By Luciana Magalhaes
SAO PAULO (Reuters) – Canadian asset manager Brookfield is exiting the shopping mall sector in Brazil to concentrate its local real estate holdings in offices, apartment buildings and logistics, three people familiar with the matter told Reuters.
Earlier this year, Brookfield sold its controlling stake in Rio de Janeiro’s Shopping Rio Sul and is now seeking buyers for its majority stakes in two São Paulo malls, Patio Paulista and Patio Higienópolis.
Brookfield aims to raise around 3 billion reais ($534 million) from the sales, said one of the sources, who requested anonymity to discuss negotiations. The goal is to complete both – together or separately – by early 2025, a second source said.
Brookfield has hired investment banks Bradesco BBI and BTG Pactual to conduct the sales. The planned sales were first reported by business news website Brazil Journal.
Brookfield and Bradesco BBI declined to comment. BTG Pactual did not reply to a request for comment.
Brookfield, with approximately $1 trillion in assets in over 30 countries, has its origins in a utility company founded in 1899 in São Paulo.
The asset management firm is still present in several Brazilian sectors, including renewable power, infrastructure, private equity and real estate, with close to 200 billion reais under management locally.

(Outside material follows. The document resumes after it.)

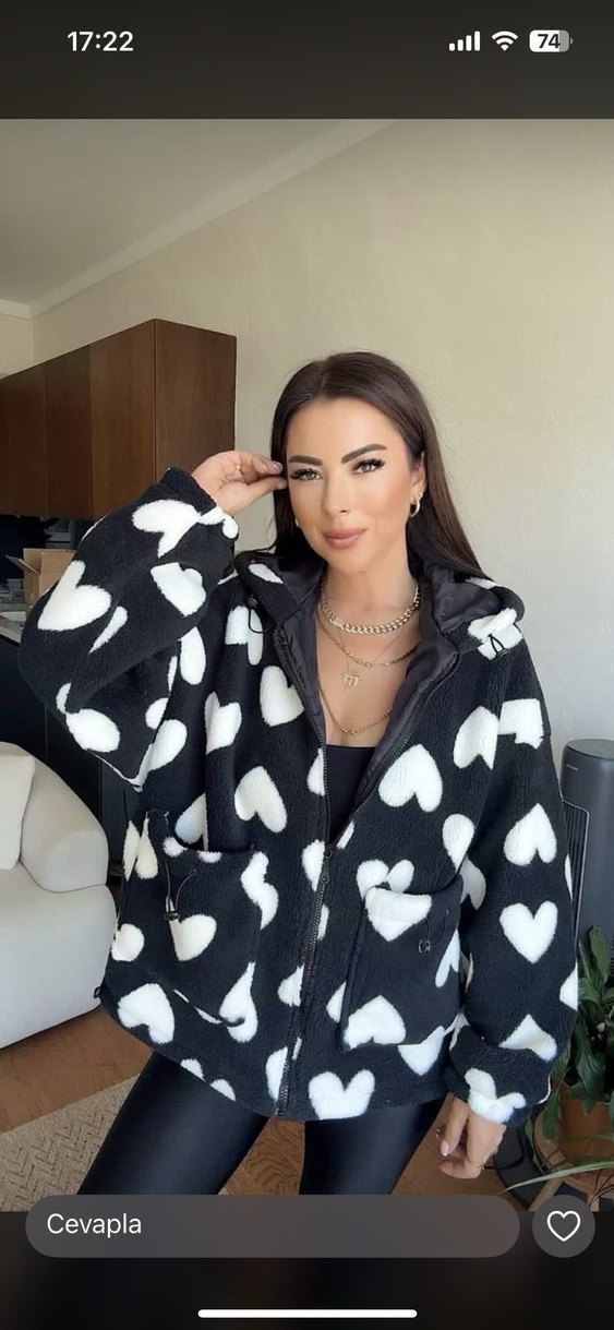 Siyah ceket, uzun kollu Standart beden yumuşak ve sıcak kumaştan kalp desenleri ve kürk detaylarıyla

Brookfield’s largest real estate holdings in Brazil are in corporate office, but it has invested recently in logistics parks, supported by booming e-commerce, and apartment rentals, which have expanded amid high financing costs for home purchases, according to a company prospectus.
The firm has invested since the 1980s in Brazilian malls, which have rebounded quickly from pandemic-era restrictions.
While online retail has battered the mall sector in some countries, Brazilian malls continue to attract shoppers as a safe, family-friendly destination in a country with long-standing public security issues, said Tadeu Masano, a retail consultant and former professor at Fundação Getúlio Vargas.
Brookfield decided to sell its Rio de Janeiro and São Paulo malls because it considers that both investments are now mature, according to the first two sources.